In the first method, individuals were classified as having dyslipidaemia if their lipid levels were equal to or exceeded the values recommended by scientific societies for low- or moderate-risk populations. In the second method, individuals were classified as having dyslipidaemia if their lipid levels were above the P90 (or below the P10, accordingly). In both methods, being under lipid-lowering medication was also considered for TC, LDL-C, apoB, non-HDL-C, and sdLDL-C.
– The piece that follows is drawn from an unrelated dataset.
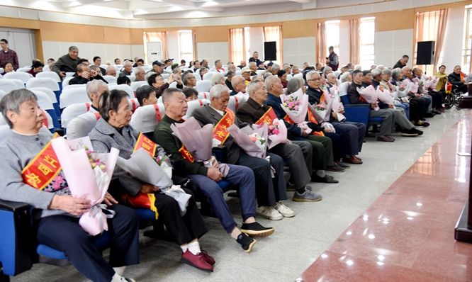 会后,全体在校领导,各单位主管离退休工作负责人和老寿星们一起合影留念。

3.2.1. Evaluation of Dyslipidaemia by Recommended Values
The prevalence of lipid and lipoprotein values equal to or above the recommended levels for low-risk or moderate-risk populations in the Portuguese population, stratified by sex and age, is presented in Figure 1. National prevalence of elevated lipid values was as follows; 64.6% for TC, 66.9% for LDL-C, 51.3% for apoB, 68.9% for non-HDL-C, 17.8% for TG, and 21.1% for Lp(a). Significant differences (p < 0.05) between sexes were observed for LDL-C, apoB, non-HDL-C, and TG, with men showing higher prevalence than women. Prevalence increased with age across all parameters, particularly from the 18–29 age group to the 50–59 age group, except for Lp(a), where no significant differences were noted.
Figure 1.
Prevalence and 95% CI of lipid parameters above the recommended values for low and moderate risk in the Portuguese population by sex (A) and age (B). ApoB, apolipoprotein B; CI, confidence interval; LDL-C, low-density lipoprotein cholesterol; Lp(a), lipoprotein (a); non-HDL-C, non-high-density lipoprotein cholesterol; TC, total cholesterol; TG, triglycerides.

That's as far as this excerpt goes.